No, the push-on bottle-top regulator on my butane bottles in the MH is without question 30mbar. So are all the push-on bottle top regulators on all the similar butane bottles here in the house. The pressure is actually tamped onto the top of them.

 

I think what has happened is that Spain decided to follow the seemingly international "30 mbar" standard some years ago; and so over the past few years such new regulators are now 30 mbar pressure, whether they be then attached between bottles and (via the flexible orange rubber hoses) gas, consuming items in houses here (of which you may know there are literally millions, as we don't have piped natural gas in Spain), or to bottles in the same way, within motorhomes here.

 

I've had a quick ferret through some of the old paperwork that I got with the motorhome.
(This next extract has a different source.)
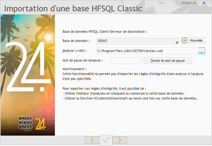 Il faut maintenant importer votre base “Classique” dans le serveur HFSQL, via le bouton ci-dessous.

As an "Aryal" A-class, by the French makers Autostar, it's had a mixed pedigree.

It was made in 1992 in their factory in France, but was sold new in Belgium via their Belgian distributors to some Belgian chap.

Two years later it was taken by him permanently to Spain, and was imported onto Spanish Plates; and it has lived in Spain ever since.

 

Originally it had a "wet", proper central heating system in it made by Alde, but that system was knackered, and was ripped out by the dealer that the previous owner part-exchanged the MH with, in favour of the new Truma Combi 6 system about 3 years ago.....which is specified as runnable on 30mbar butane or 30mbar propane gas.

 

But all the rest of the gas-using kit is original, 1992 vintage......and is a right mish-mash:

1. Gas hob, made by "Eno" in France - user manual says run it on 28mbar butane, or 37mbar propane.

2. "Foursmev 311" gas oven, made by Smev - user manual also says run it on 28mbar butane or 37bar propane.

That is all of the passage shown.